Saturday, June 13, 2020

Day 19 - Sunday, Nov. 3 - Xian to Yangtze

The Yangtze at Yichang

We leave for the airport, armed with breakfast bags, headed for Yichang, which means “convenient prosperity”.  That name is as confusing as the instructions aboard our Fuzhou Airlines Boeing:  “Oxygen masks will fall off automatically in emergencies”.  (I sincerely hope not!)  Or the equally amusing “Pregnant wo man’s seat belts is tied under her bloated abdomen.”
       We fly over one row of hills after another, stretching to the horizon, then over the plain, with sun shining off the Yangtze River, the world’s third longest river after the Nile and the Amazon.
       From the airport, it’s all downhill (literally) into Yichang.  Daniel, our local guide, gives us tidbits of information.  The city’s population:  a mere 1.3 million, its growth spurt largely thanks to the recent building of the Three Gorges Dam.  The dam created a lot of pro vs con discussion -  modernization vs flooding archaeological sites - and how to relocate over a million people.  To get past the dam, there are five locks in a step formation, and waiting time for passage can be long, so now only cargo ships use them; passenger ships run only from Yichang to Chongqing (previously spelled Chungking) and back.
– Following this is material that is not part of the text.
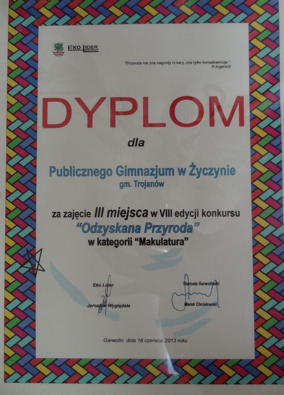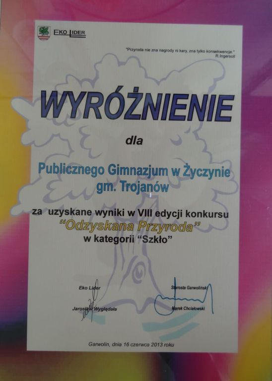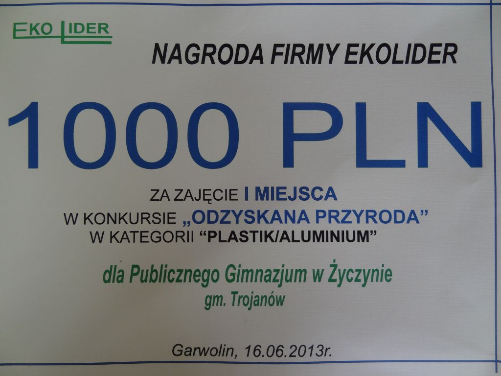 Jak co roku nasza szkoła brała udział w konkursie „Odzyskana Przyroda”, który jest organizowany przez Starostwo Powiatowe w Garwolinie oraz firmę EkoLider.
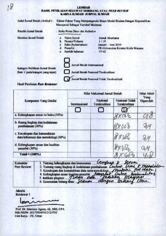 Sofia Prima Dewi, Review and Kelselyn, Review (2019) Reviewer Jurnal B.18 Sofia Prima Dewi dan Kelselyn. Faktor-Faktor Yang Mempengaruhi Biaya Modal Ekuitas Dengan Kepemilikan Manajerial Sebagai Variabel Moderasi, 19 (1). pp. 47-62. ISSN 1411-691X

And that’s what we’ll do:  sail upstream 473 km (almost 300 miles) to Chongqing.  It will take four days, with side trips.
The Tower Pagoda
       Like Hong Kong and Shanghai, Yichang was a British concession in the late 1800's, and was the farthest the Japanese got during World War II.  Now the dam has made it famous again.  The region is known for its fruit; it produces 5% of all China’s oranges and is the birthplace of the kiwi, which locals call “monkey peaches” because the skin looks like monkey fur.
       Daniel also teaches us some quips about his country, such as “China’s national bird is the construction crane” and the modern term for high-rises:  Chinese concrete bamboo shoots.
       As we can’t board our river cruise ship until 3 p.m., we walk along the banks of the river for a while.  There’s an octagonal pagoda - the Tower Pagoda - with seven statues, only one of which still has its head.  Shades of the French Revolution and Parisians knocking the heads off all the statues of the saints on Notre-Dame’s façade, believing them to be nobles.
Bungee jumping
       We have lunch in a restaurant high up one of the deep
gorges (thus the name of the dam), where food is traditional and English isn’t spoken.  We can watch out the window as people bungee jump off the opposite cliffside of the gorge.*  If only I’d known before I ate!  (Just kidding.)
       After a pit stop at a resort hotel owned by the town council and where President Xi recently came to pee (it rhymes, and it’s true... a bit of their glory), we pass the dam and arrive at our ship, the Sanctuary Yangtze Explorer.  Free time until dinner, which is more refined, with courses instead of the lazy susan in mid-table, but every bit as scrumptious.
       Then it’s the mandatory life jacket demonstration and an optional documentary on China’s Seven Wonders, some of which are wondrous and some of which we’ve already seen:  the Great Wall, the Forbidden City, the terra cotta warriors and the Yangtze River, where my bed awaits in my cabin.

* Look closely at the photo.  There's someone hanging at the end of the bungee cord, at the very bottom, just a few feet off the river's surface.